You're reading: Richest Expats: Johan Boden and Carl Sturen

Johan Boden, 39, and Carl Sturen, 36 $26 million (combined) #6 Richest 

Sweden’s Johan Boden and Carl Sturen were hardly out of their teens when they first came to Ukraine in 1993, looking to replace a cucumber crop lost in Estonia that year. Their impression was so positive that their next visit was already to identify a production plant, finally choosing the Kakhovka site in Kherson Oblast.

In 1995, Boden and Sturen got a huge boost when fellow Swede and billionaire, professor Hans Rausing, the founder of Tetra-Pak food packaging company agreed to invest in them. They christened their new company, Chumak (meaning historic Ukrainian itinerant merchants) with $5.4 million in start-up investment. The brand would soon become a household name to food consumers across the country.

Johan Boden (focus.ua)

Chumak’s big breakthrough came with ketchup. The product was unknown in Ukraine, so much so that the company had a hard time convincing Ukrainian bureaucrats that such a thing existed at all. But once ketchup received official recognition as a food product, there was no looking back.

By 1997, Chumak’s distribution network covered all of Ukraine and Boden and Sturen purchased a second production factory in Kherson Oblast. It processes ripe Kherson tomatoes within hours of harvesting, ensuring freshness. Chumak then expanded into mayonnaise – and then crucially became the first former Soviet-based supplier of these products to McDonald’s fast food restaurants. In 2000, the company grew by 78 percent, and in 2001 they launched Europe’s largest fresh tomato processing plant handling a complete cycle from harvested tomatoes to finished product.

Chumak’s international potential was recognized in 2008, when investment companies Dragon Capital and East Capital Baring Ukraine Fund jointly bought 67 percent stock of Chumak from billionaire Rausing for an undisclosed sum.
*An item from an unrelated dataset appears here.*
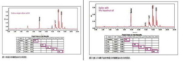 昂貴的特級天然橄欖油通常會被摻入廉價橄欖油和其它植物油(例如大豆油和榛子油)。圖19為一份特級天然橄欖油B的報告。所有指示峰均表明該特級天然橄欖油B未通過根據特級天然橄欖油A制定的質控標準。在該色譜圖中存在保留時間<13.6 min的額外峰,這些數據清楚地表明兩種品牌的橄欖油樣品存在差異,并證實并非所有市售的特級天然橄欖油的品質都相同。圖20為一份摻入9%榛子油的特級天然橄欖油A的報告。所有指示峰均表明該摻假樣品不符合質控標準。而且,根據特級天然橄欖油A制定的同一質控標準也應用于分析其它植物油(圖14-16),同樣摻入1%大豆油或1%玉米油的特級天然橄欖油A,均不合格。

Boden and Sturen own the remaining stake. Boden is currently the director of corporate development and board member, while Sturen is the president of the company that employs 1,000 people.

Carl Sturen (UNIAN)

Their presence in Kakhovka, a Dnipro River port city with 38,000 people, has improved the city immensely. It had the highest gross domestic product per capita in recent years and, at least until 2009, had the highest foreign direct investment per capita before being surpassed by Odesa’s Illichivsk due to the large port and elevator project there.

The two Swedes are also involved in a number of local charity projects, including an orphanage and a house for people living with disabilities. Sturen has played a significant role as the honorable consul of Sweden in Ukraine, working to change lives in a settlement called Old Swedish Village located some 50 kilometers from Kakhovka.